UsefulBench: Towards Decision-Useful Information as a Target for Information Retrieval

Researchers introduce UsefulBench, a dataset that distinguishes between textual relevance and practical usefulness for information retrieval tasks. The work reveals that similarity-based IR systems optimize for relevance while LLM-based approaches better capture usefulness, challenging conventional retrieval metrics.
Modelwire context
ExplainerThe deeper provocation here is that most IR benchmarks have been measuring the wrong thing entirely. Relevance, the traditional target, asks whether a document relates to a query. Usefulness asks whether retrieving it actually helps someone make a decision or take action, and those two properties diverge more than the field has acknowledged.

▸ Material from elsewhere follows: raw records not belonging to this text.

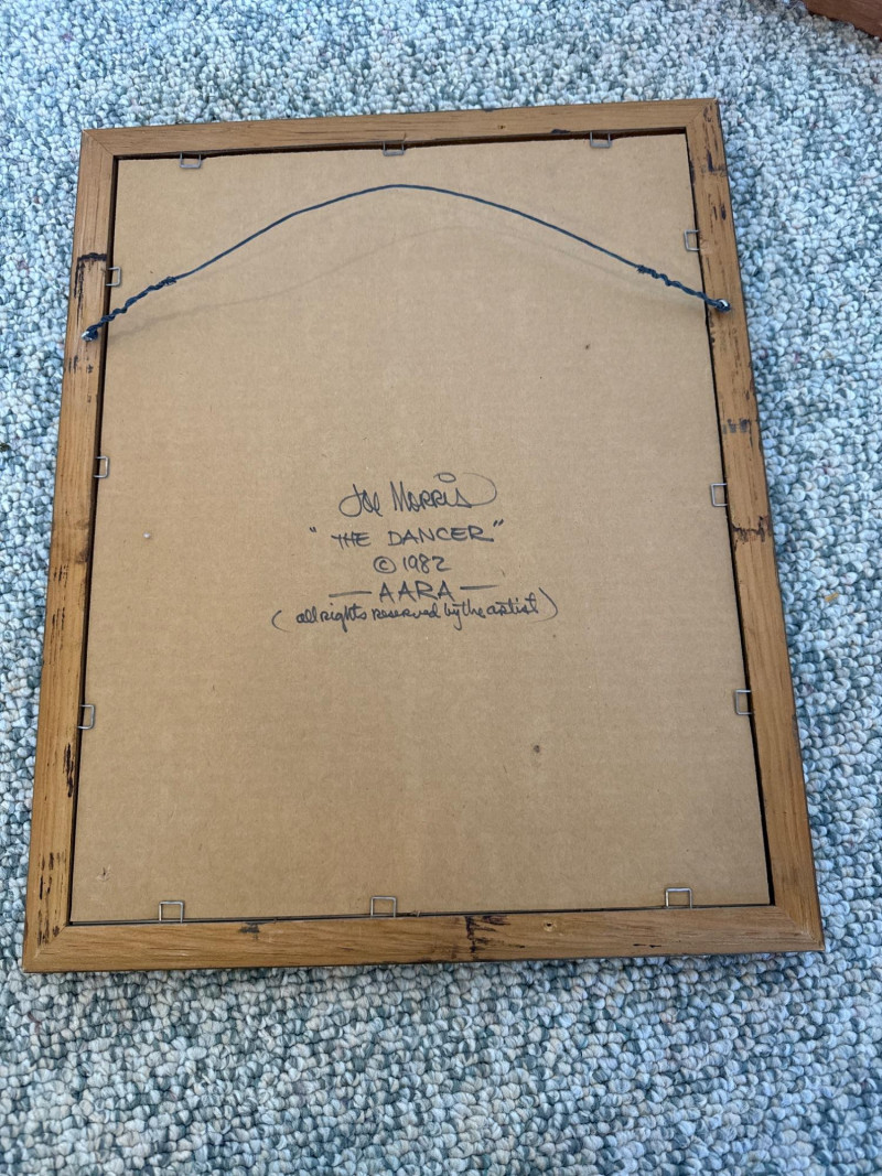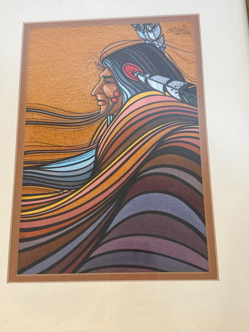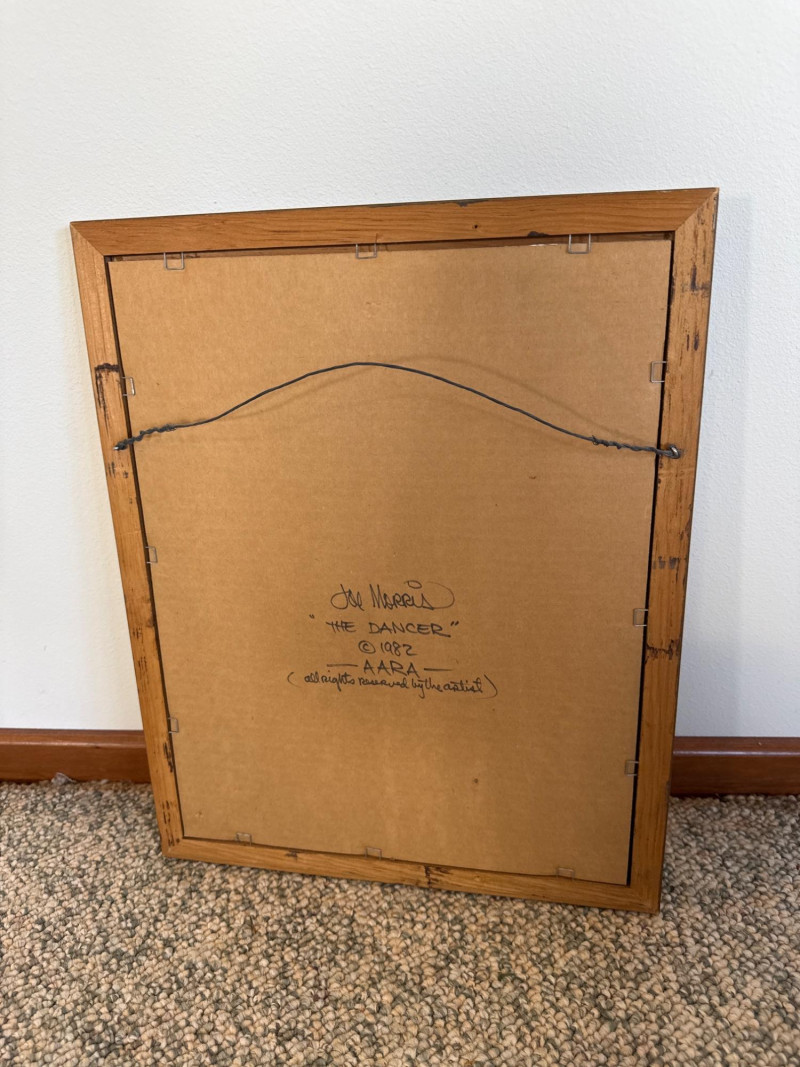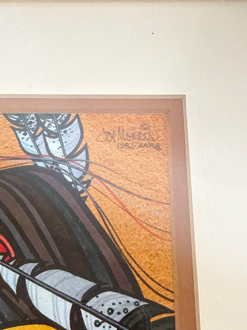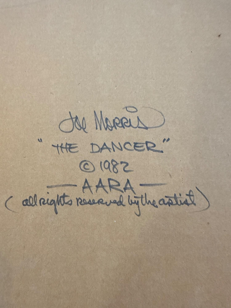 An original 1982 watercolor by Joe Morris, titled “The Dancer,” signed and marked AARA (All Rights Reserved by the Artist). This work showcases Morris’s distinctive visual language: a stylized Native figure in profile, rendered with elongated contours, sweeping hair and feather elements, and rhythmic color transitions that suggest movement and ceremony. Morris layers warm earth tones, violets, blues, and oranges in fluid, interlocking shapes that create a sense of motion radiating through the figure. The composition balances cultural symbolism with a modern graphic sensibility, making this a strong example of Morris’s early‑1980s work. A striking, expressive piece for collectors of Native‑themed modernist art or Morris’s oeuvre. Joe Morris is an American artist known for his stylized portrayals of Native dancers, figures, and ceremonial themes. Active primarily in the 1970s–1980s, Morris developed a recognizable style built on flowing linework, bold color fields, and rhythmic compositions that evoke movement and spiritual resonance. His work appears in private collections across the United States and remains appreciated for its strong graphic presence and contemporary interpretation of Indigenous subject matter.Short Artist Bio — Joe Morris
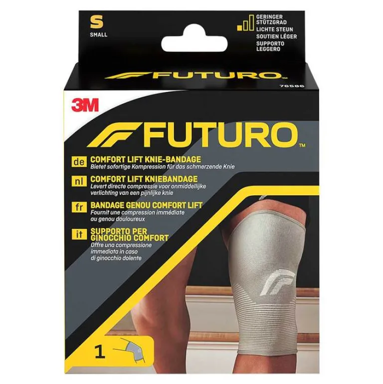 Die FUTURO™ Comfort Lift Knie-Bandage ist Ihre Lösung für eine sanfte Unterstützung. Die komfortable Knie-Bandage aus elastischer Maschenware ist flach und flexibel, sorgt für natürliche Bewegungsfreiheit und passt unter die Kleidung. Atmungsaktive Eigenschaften erhöhen den Tragekomfort. Tun Sie, was Sie nicht lassen möchten – die FUTURO™ Comfort Lift Knie-Bandage unterstützt Sie dabei.
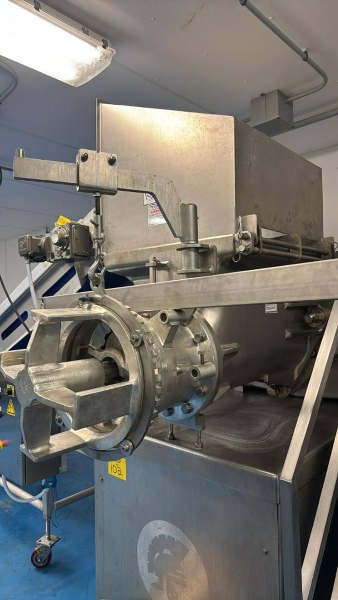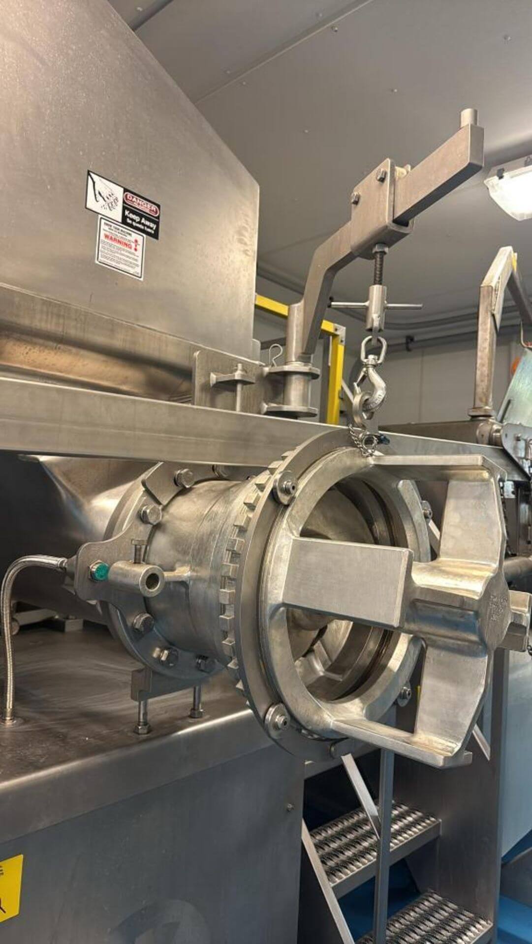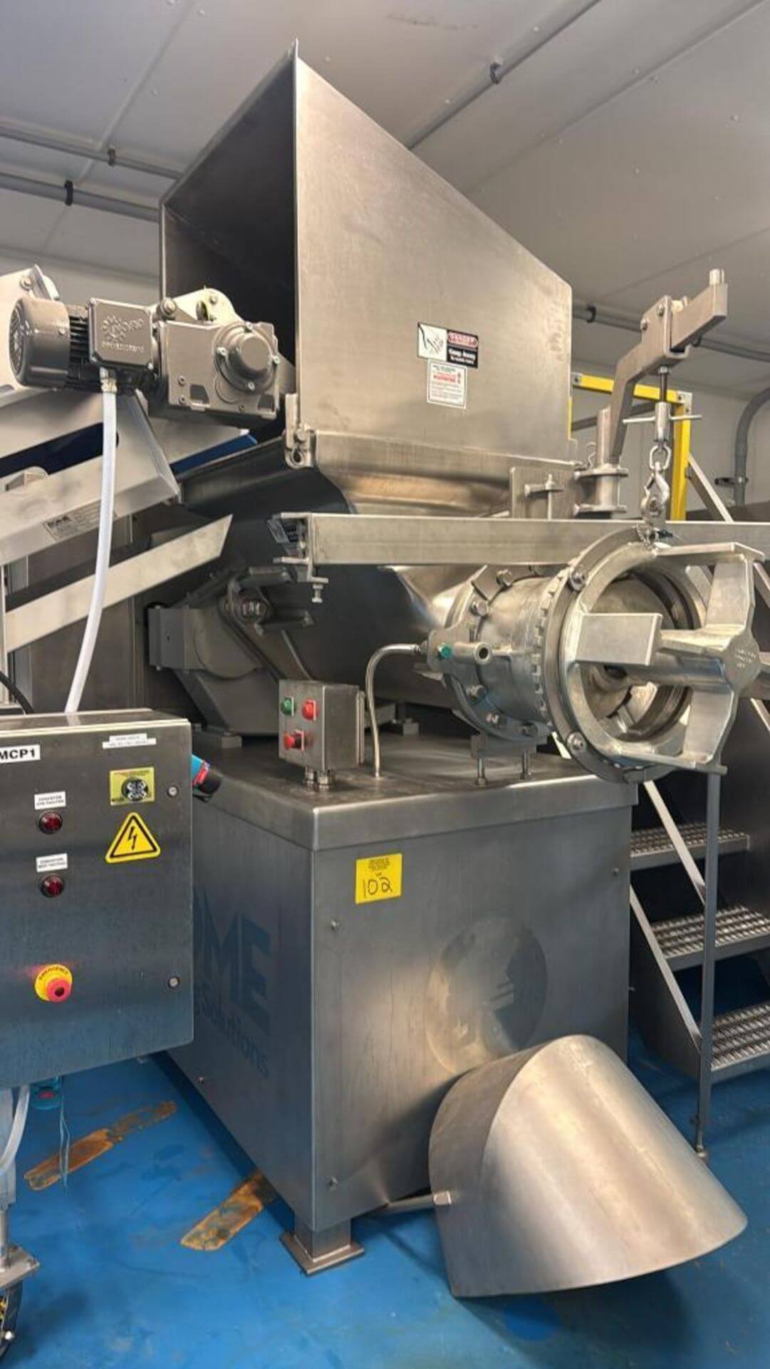 ROME MAXIMUS 16X12 FROZEN BLOCK GRINDER. Stainless steel hopper, tinned barrel, auger, and cross-bridged end ring. Stainless steel block guide and hopper extension, 150HP Motor, 16123-5HC Gearbox, 480V/3PH/60HZ. Includes Rome parts cart, auger puller, and soft start system.
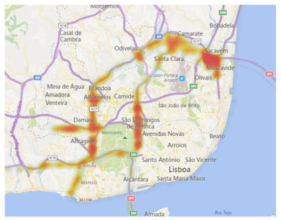 Moreover, misleads and runovers had a high incidence at the entrances and exits of Lisbon, and along the central axis of the city from Campo Grande to Avenida Infante Santo. However, these were phenomena that occurred all over the city.
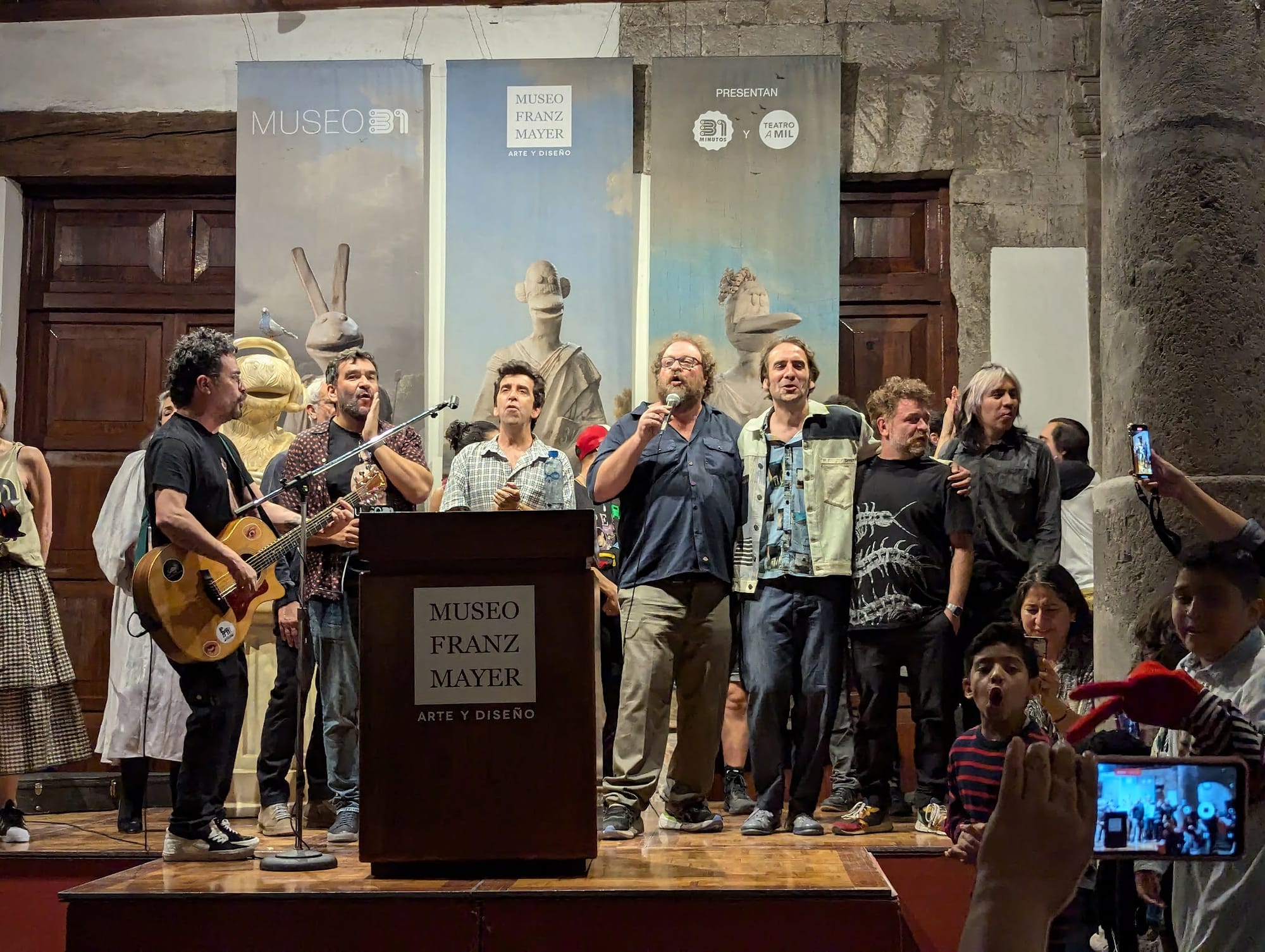 Se aburrieron mucho con las charlas de agradecimiento pero cuando terminaron por fin pudieron cantar con los creadores de 31 Minutos, que se abrazaban muy emocionados recordando viejos tiempos.
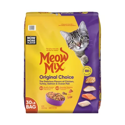 Features & Benefits: Contains one (1) 30–pound bag of Meow Mix Original Choice Dry Cat Food More of the flavor cats love One hundred percent complete and balanced nutrition for adult cats High quality protein helps support strong, healthy muscles Produced in the U.S.A. from globally sourced ingredients
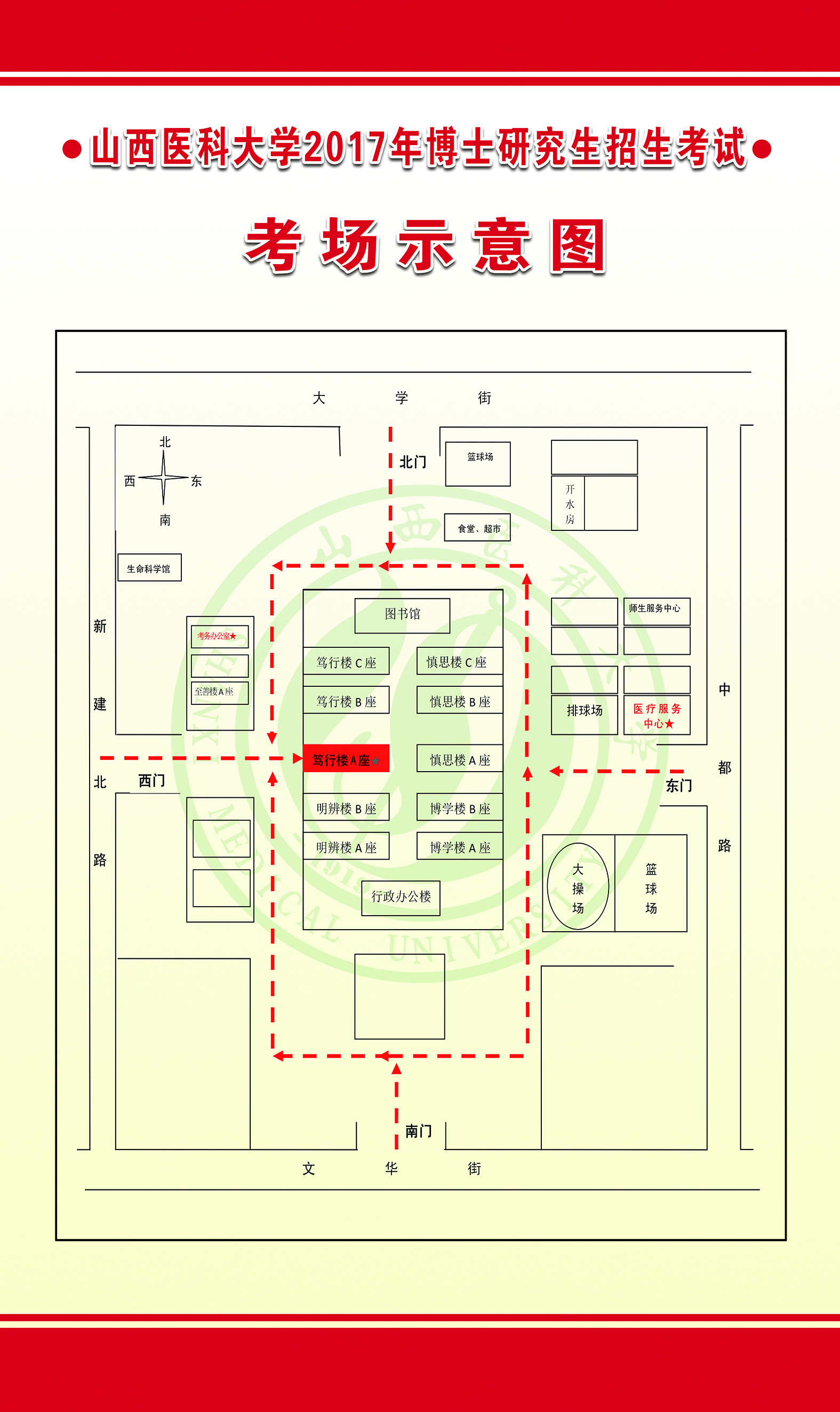 万象城体育awcsport2017年博士研究生招生考试考场示意图
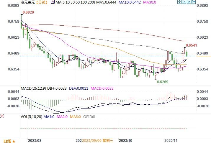 周三(11月15日),澳元/美元经过周二的大幅反弹上升后进入整理状态,收盘持平于周二的收市价(0.6505)。周三当天,澳洲公布第三季薪资价格指数较前季上升1.3%,符合预期;同比上升4%(预期为上升3.9%)。市场对于该数据的反应平平,因为澳洲三季度的这项薪资增长幅度仍远低于许多其他发达国家的水平。为此,市场怀疑仅凭薪资数据能否触发央行进一步收紧政策。目前,市场预期澳洲12月加息的可能性仅7%。期货行情也暗示,澳洲央行本轮加息周期已完成的机率约为50%。因此,对于澳联储还将会进一步升息不可抱有太大的期盼。但在另一方面,中国公布的零售销售和工业生产数据超预期,预示着中国对大宗商品的需求将持续增长,使得澳元或会从中进一步获得支撑。4小时图上,澳元/美元存在着超买整理,若整理后能撑持在0.6440水平之上,后市或仍有望向上攀行。

This connects directly to the tension surfaced in the DiscoTrace paper from April 16, which found that LLMs systematically favor breadth over human-like selectivity when answering information-seeking questions. Both papers are pointing at the same gap: systems optimized on aggregate similarity metrics miss the judgment calls that make information actionable. The finding that LLM-based retrieval better captures usefulness also rhymes with IG-Search's argument, covered the same day, that step-level information gain is a more meaningful reward signal than trajectory-level relevance. Together these papers suggest a quiet but significant methodological shift is underway in how the field thinks about retrieval quality.
Watch whether established IR benchmarks like BEIR or TREC adopt UsefulBench-style usefulness annotations in their next evaluation rounds. If they do, the relevance-versus-usefulness distinction moves from a research curiosity into standard practice; if they don't, this remains an interesting critique without structural impact.
This analysis is generated by Modelwire’s editorial layer from our archive and the summary above. It is not a substitute for the original reporting. How we write it.
MentionsUsefulBench · LLM
Modelwire Editorial
This synthesis and analysis was prepared by the Modelwire editorial team. We use advanced language models to read, ground, and connect the day’s most significant AI developments, providing original strategic context that helps practitioners and leaders stay ahead of the frontier.
Modelwire summarizes, we don’t republish. The full content lives on arxiv.org. If you’re a publisher and want a different summarization policy for your work, see our takedown page.